|Cat. no. Z7301||Nitrocef Disks™||50 disks/vial|
Hardy Diagnostics Nitrocef Disks™ are intended for use in the rapid testing of isolated colonies of Neisseria gonorrhoeae, Moraxella (Branhamella) catarrhalis, Staphylococcus spp., Haemophilus influenzae, Enterococcus spp., and some anaerobic bacteria for the production of beta-lactamase.(11-13)
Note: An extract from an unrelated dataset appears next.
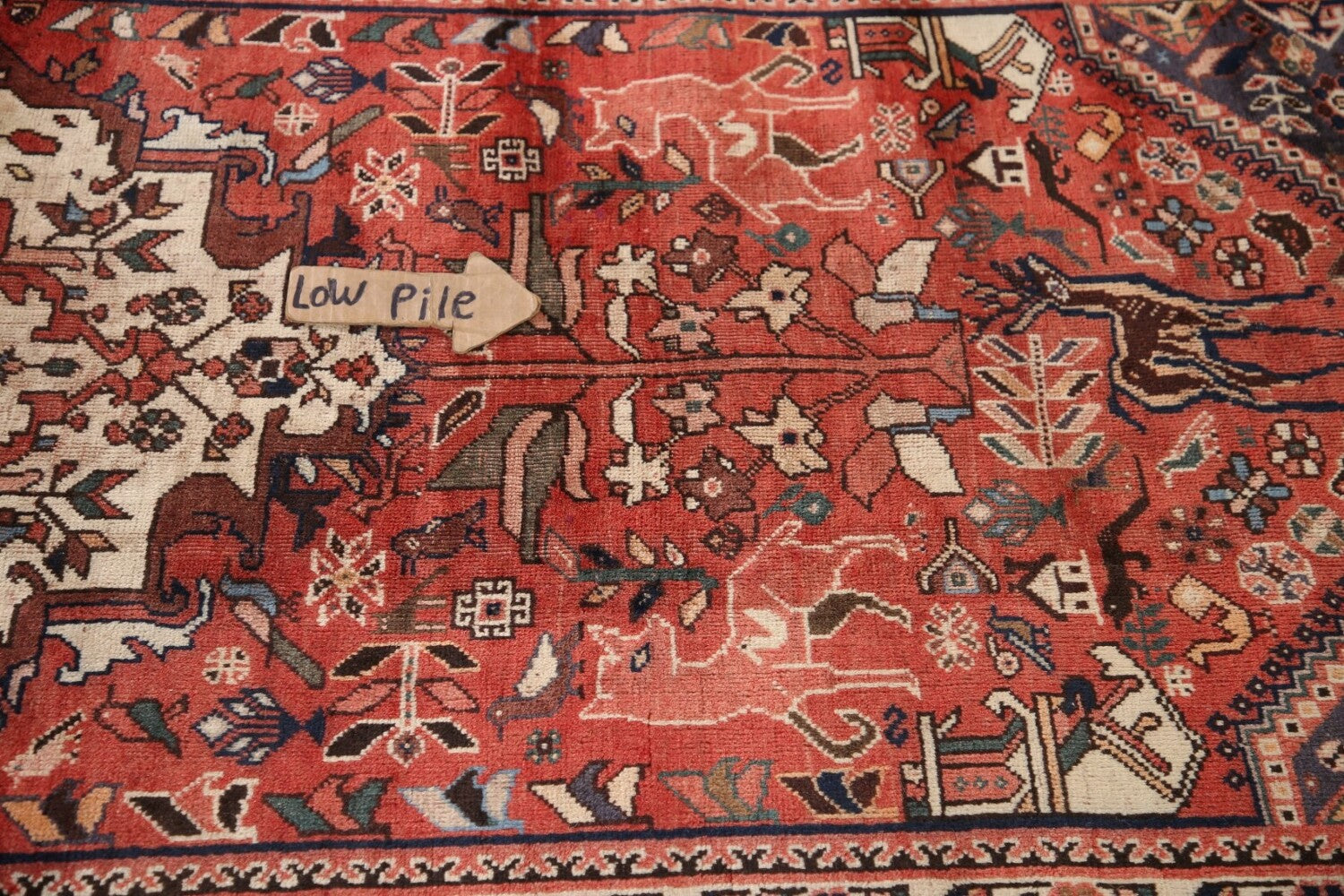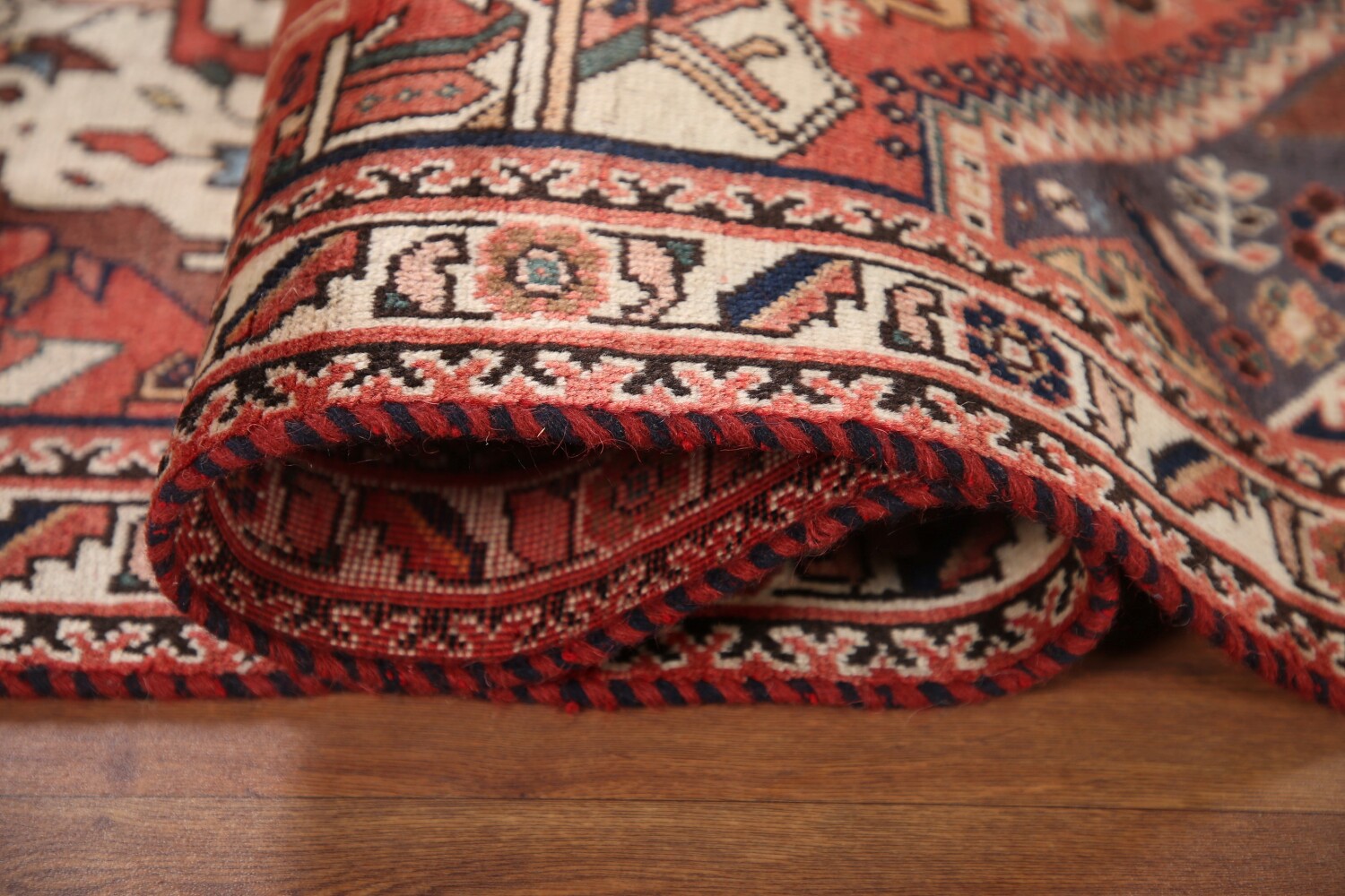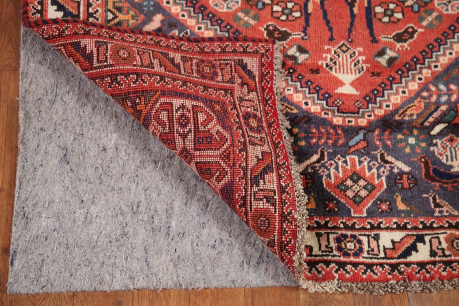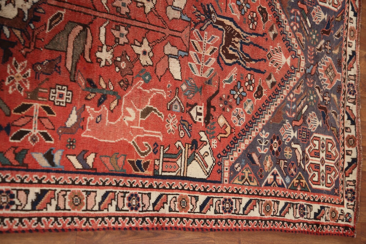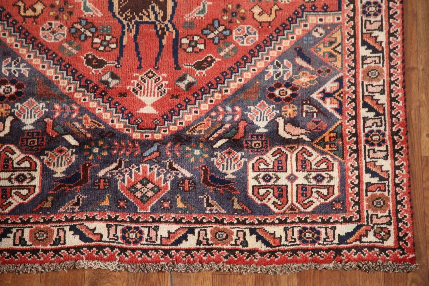 A Beautiful Genuine Persia ( Persia ) Shiraz rug is Hand Knotted by skillful weavers in Persia ( Persia ) with 100% Wool Material. This rug is in Very Good (Low Pile) condition. dimensions are 9' 6'' X 3' 5'' in foot and 290 X 104 in centimeter. the primary color is Red.

It has long been recognized that certain bacteria possess the ability to produce enzymes that inactivate beta-lactam antibiotics. Some hydrolyze penicillin class antimicrobics and are described as penicillinases. Others hydrolyze the cephalosporin class antimicrobics and are described as cephalosporinases. Some bacteria produce enzymes that hydrolyze both cephalosporins and penicillins.(5)
Rapid beta-lactamase tests can yield clinically relevant information earlier than an MIC or disk diffusion test. Several clinical tests have been devised to detect beta-lactamases. These tests include the iodometric method, the acidometric method, and chromogenic substrates. (6) Iodometric methods are suitable for testing N. gonorrhoeae.(16) Acidometric methods produce acceptable results with Haemophilus spp., N. gonorrhoeae and staphylococci.(16) Nitrocefin, a chromogenic cephalosporin, can be used to test Neisseria gonorrhoeae, Moraxella ( Branhamella) catarrhalis, Staphylococcus spp., Haemophilus influenzae, Enterococcus spp., and some anaerobic bacteria, and has been found effective in detecting all known beta-lactamases.(7-9,16) Nitrocefin is the only reliable test for detecting beta-lactamase producing Enterococcus spp.(16)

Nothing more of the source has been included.